To train the AI to recognise prostate cancer, the scientists provided images from more than a million parts of stained tissue slides taken from patient biopsies.

Each image was labelled by expert pathologists to teach the AI how to discriminate between healthy and abnormal tissue.

The algorithm was then tested on a separate set of 1,600 slides from 100 consecutive patients seen at UPMC for suspected prostate cancer.

"Humans are good at recognising anomalies but they have their own biases or past experience," said senior author Rajiv Dhir, chief pathologist at UPMC Shadyside and professor of biomedical informatics at the University of Pittsburgh.

"Machines are detached from the whole story.

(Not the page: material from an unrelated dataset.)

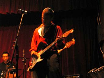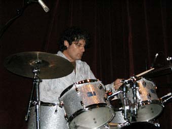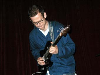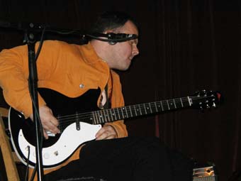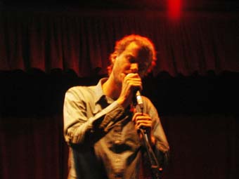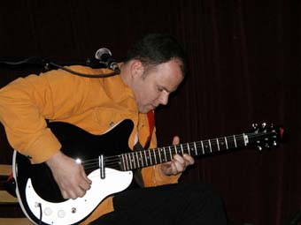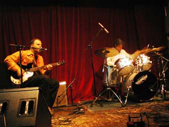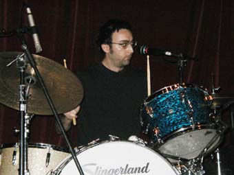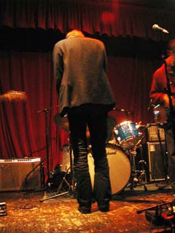 Apres un "OKAYYY" qui contrastait pas mal avec le recueillement de cette première partie, il est allé s'installer sur la chaise a cote rejoint par Hamish Kilgour a la batterie étincelante (assortie a ses chaussures - sorte de botes spatiales). Ils ont commence par un long instrumental, ou le jeu de guitare de David est, comme son jeu au piano, plein de changements.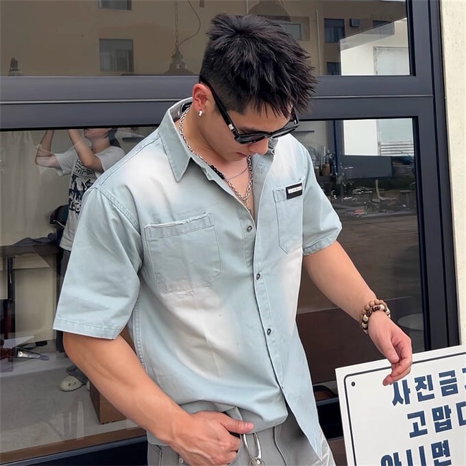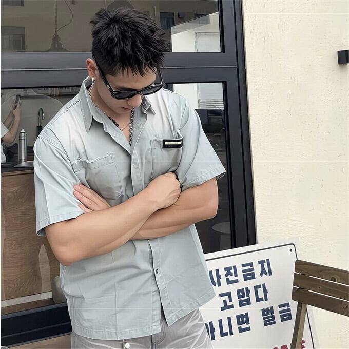 シャツ メンズ 半袖 ウォッシュ加工 ワークシャツ シングル 前開き オーバーサイズ ネクタイ付き ゆったり ヴィンテージ風 夏 トップス カジュアル ストリート 大きいサイズ おしゃれ かっこいい 通学 夏服 送料無料

There's definitely an element of standardising care."

The study also marked the first time AI was able extend beyond cancer detection, reporting high performance for tumour grading, sizing and invasion of the surrounding nerves, all required as part of a pathology report.

Mr Dhir said these results did not necessarily indicate the machines can be better cancer detectors than humans.

For example, experienced pathologists may have seen enough evidence of malignancy elsewhere in that patient's samples to recommend treatment.

For less experienced pathologists, though, the algorithm could act as a fail-safe to catch cases that might otherwise be missed.

AI also flagged six slides that were not seen by the expert pathologists.

"Algorithms like this are especially useful in lesions that are atypical," Mr Dhir said.

"A non-specialised person may not be able to make the correct assessment. That's a major advantage of this kind of system."

While new algorithms will have to be trained to detect different types of cancer, scientists believe that it is possible adapt the technology to work with other types.